It's been a crazy last two weeks of mind whiplash. The weather, the cold, the fast progression of people we know dropping ill left and right has been head spinning.
I admit I was a bit naive thinking if I boosted the interior home temperature up it would minimize winter aches from cold, that was wishful thinking. A girl can only but try right? This season ushered in joint aches in new places I didn't know could ache, not fun but I'm dealing with it so far. My older husband isn't dealing at all and is the biggest voice in the house currently about the winter weather. Granted he doesn't have to do the long hours and physical job he does either but he still chooses to hang on, so there is that.

I mentioned in the last entry about the seasonal blues and it really has me by the neck this year. In a flurry of my Grinch mode and wanting to get holiday shopping done and over with, I mechanically did a one stop "point and click" on Amazon and was done with it all including cards. I just can't deal this year, do I feel guilty? Hell no. Christmas is for children and more fun with children. My immediate family members are all in various stages of health, financial, or housing crisis and it's overwhelming. Being both a parent and adult daughter I want to help but I cannot. It weighs on my heart to see my loved ones suffer and I feel their pain.
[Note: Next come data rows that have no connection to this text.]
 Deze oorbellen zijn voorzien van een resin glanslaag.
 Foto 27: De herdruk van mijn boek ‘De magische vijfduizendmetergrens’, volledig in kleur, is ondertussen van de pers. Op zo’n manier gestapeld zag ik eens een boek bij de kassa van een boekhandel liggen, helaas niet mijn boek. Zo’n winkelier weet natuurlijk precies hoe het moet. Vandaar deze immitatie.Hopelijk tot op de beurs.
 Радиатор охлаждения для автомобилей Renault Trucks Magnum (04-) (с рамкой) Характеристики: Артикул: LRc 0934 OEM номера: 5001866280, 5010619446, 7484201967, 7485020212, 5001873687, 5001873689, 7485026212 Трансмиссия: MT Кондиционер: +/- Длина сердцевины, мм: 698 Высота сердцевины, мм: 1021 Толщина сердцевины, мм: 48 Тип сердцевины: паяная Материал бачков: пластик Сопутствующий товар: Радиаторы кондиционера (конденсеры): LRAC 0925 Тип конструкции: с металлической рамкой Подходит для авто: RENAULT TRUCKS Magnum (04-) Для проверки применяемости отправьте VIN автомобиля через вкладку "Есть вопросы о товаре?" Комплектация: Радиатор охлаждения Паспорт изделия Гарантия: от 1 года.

In the midst of it all I’ve been focused on photography and snapping wildlife to distract myself. The weather hasn’t exactly been cooperating. At age 63 I’ve learned to avoid ice and snow as it takes months just to recover from one fall or a bruise. It’s been a more traditional New England December of early snowfall and bitter cold. The last storm I decided to do what I always have and be the hero shoveling. The whole thing didn’t go well this year unlike the last. After ten minutes of moving snow around my side suddenly gave a sharp twinge of muscle spasm and I found myself stuck in a bent over position with a shovel full. I couldn’t stand upright so I made my way to my car nearby and sat in it until all subsided. The only way left to move the snow around in our parking lot so others could fit was to literally drive my SUV back and forth over it all and mash it down, so that's what I did. It must have been a funny thing to watch but there would be nobody else left to finish my shoveling, and it worked.
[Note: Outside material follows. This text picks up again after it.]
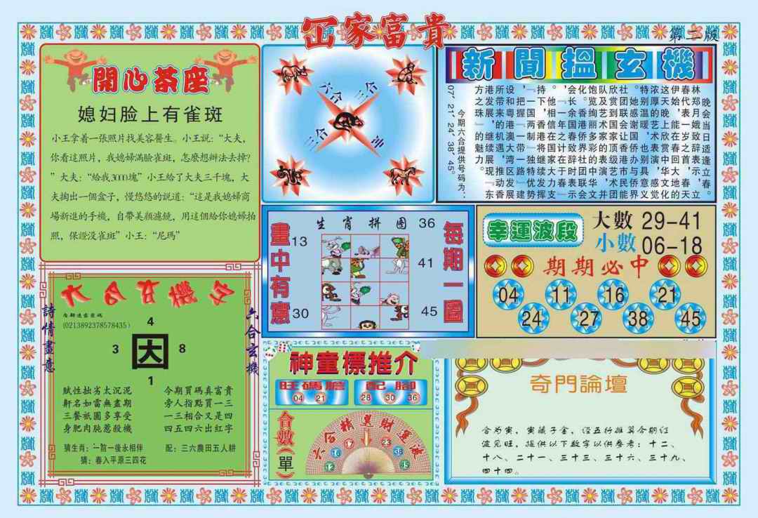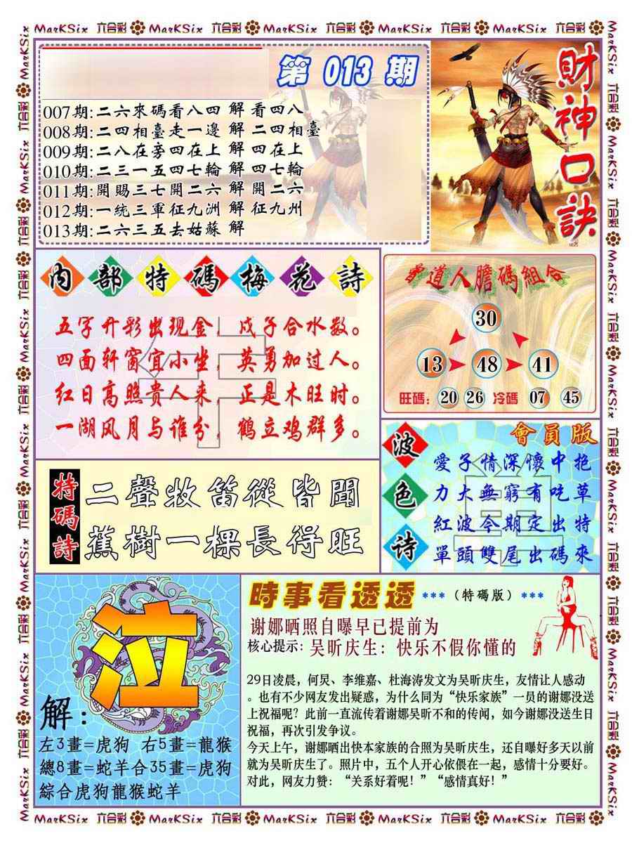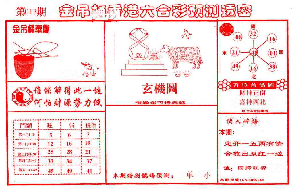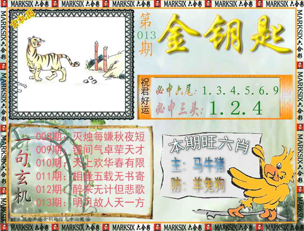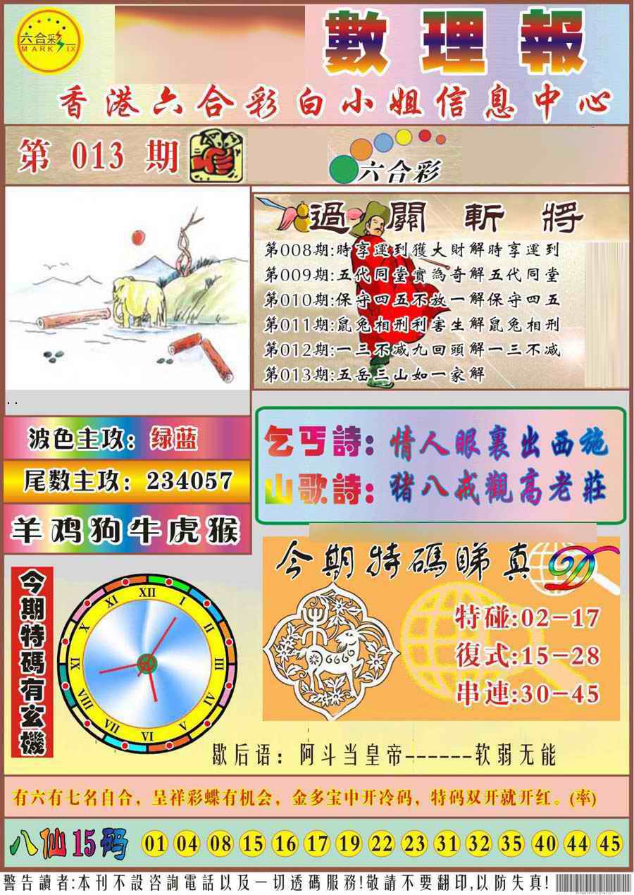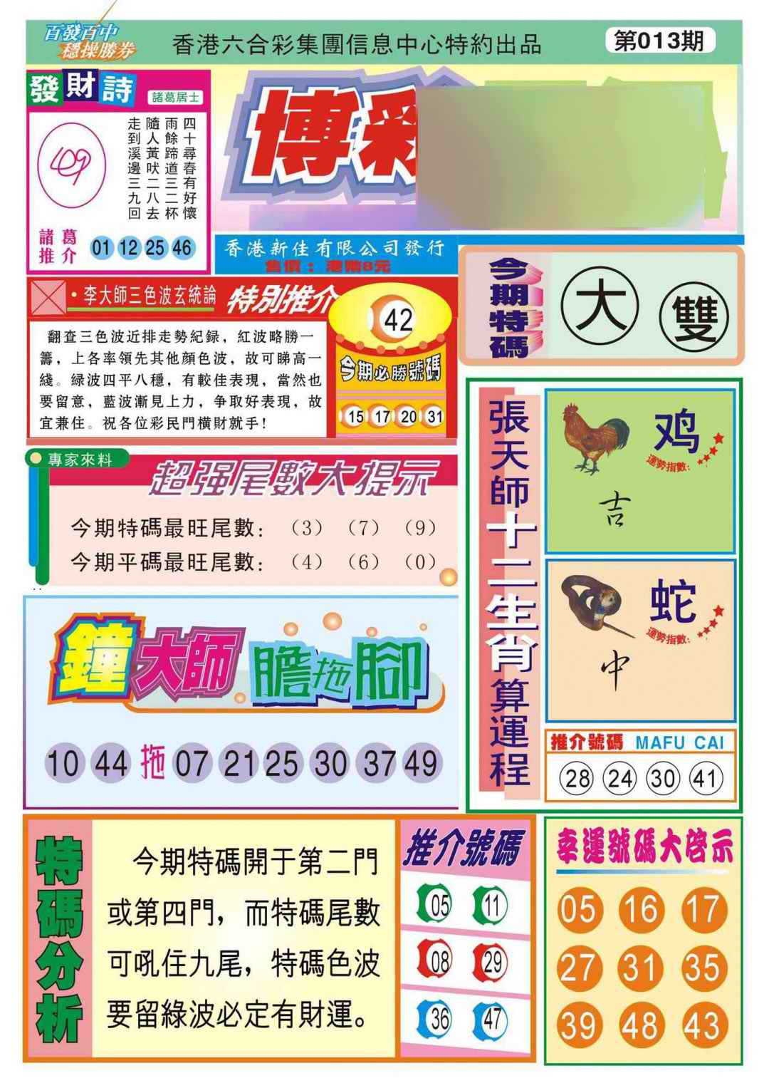 063 六合禅机A 064 六合禅机B 069 特 新 报A 070 特 新 报B

The following days our gutter up on the roof decided not to drain and with no insulation in the building the dripping water had nowhere to escape once the temperature was above freezing. A local handyman was here hours recently using varying methods unclogging each section along with the downspouts, as I stood by the ladder handing him tools of sorts. We used a hammer, some roof tiles, a shoehorn, and an unused curtain rod to accomplish the task before the temperatures drop below freezing again. Renting in this old house has become one long exhausting circus. I’m not going to lie, it’s scary getting old and not having found our final home. In an ideal living situation, we wouldn’t move so late in life but the failing health of our elderly landlady and the building being beyond repair here after 16 years requires us to. The reality is it’s easier said than done not for lack of money, but the lack of choices. I'm sad we have to leave the area at all.
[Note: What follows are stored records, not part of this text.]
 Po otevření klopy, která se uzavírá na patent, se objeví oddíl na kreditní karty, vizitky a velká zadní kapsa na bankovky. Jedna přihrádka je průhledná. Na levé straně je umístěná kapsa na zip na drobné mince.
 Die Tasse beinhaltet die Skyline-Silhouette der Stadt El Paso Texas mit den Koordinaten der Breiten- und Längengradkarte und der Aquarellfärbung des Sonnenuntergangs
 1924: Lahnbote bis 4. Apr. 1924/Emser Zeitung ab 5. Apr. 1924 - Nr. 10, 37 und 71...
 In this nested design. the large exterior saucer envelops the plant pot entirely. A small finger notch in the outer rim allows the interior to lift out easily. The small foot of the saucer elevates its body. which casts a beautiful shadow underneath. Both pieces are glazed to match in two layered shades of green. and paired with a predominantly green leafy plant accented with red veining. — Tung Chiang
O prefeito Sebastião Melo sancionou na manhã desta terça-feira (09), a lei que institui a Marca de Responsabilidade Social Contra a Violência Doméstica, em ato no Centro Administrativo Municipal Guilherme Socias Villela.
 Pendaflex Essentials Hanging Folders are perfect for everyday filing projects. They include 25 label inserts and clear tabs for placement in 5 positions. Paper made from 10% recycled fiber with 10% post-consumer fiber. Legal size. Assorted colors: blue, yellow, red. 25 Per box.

Christmas, holiday spirit, I’m just not there this season. All I care about is our loved ones getting better health and financially but thus far it’s looking a bit grim like my mood. The blessing to look forward to is after December 22nd the short dark days will begin to turn around and get longer. Once we are into January we will finally turn the winter corner and begin the journey back to spring which itself brings new challenges. Many of my social media accounts I kept I have closed over the last few weeks. The remaining is a photo account and this blog primarily. I think when we tend to feel overwhelmed it’s natural to want to retreat but it’s not healthy to totally hide. The days and isolation have just been a lot lately, I need to do better both in daily life and here blogging. I am in need of a change and I’m thinking of cutting my hair into a short punk style I wore years ago, maybe I’ll color it flaming burgundy. It’s not like anyone will see it right?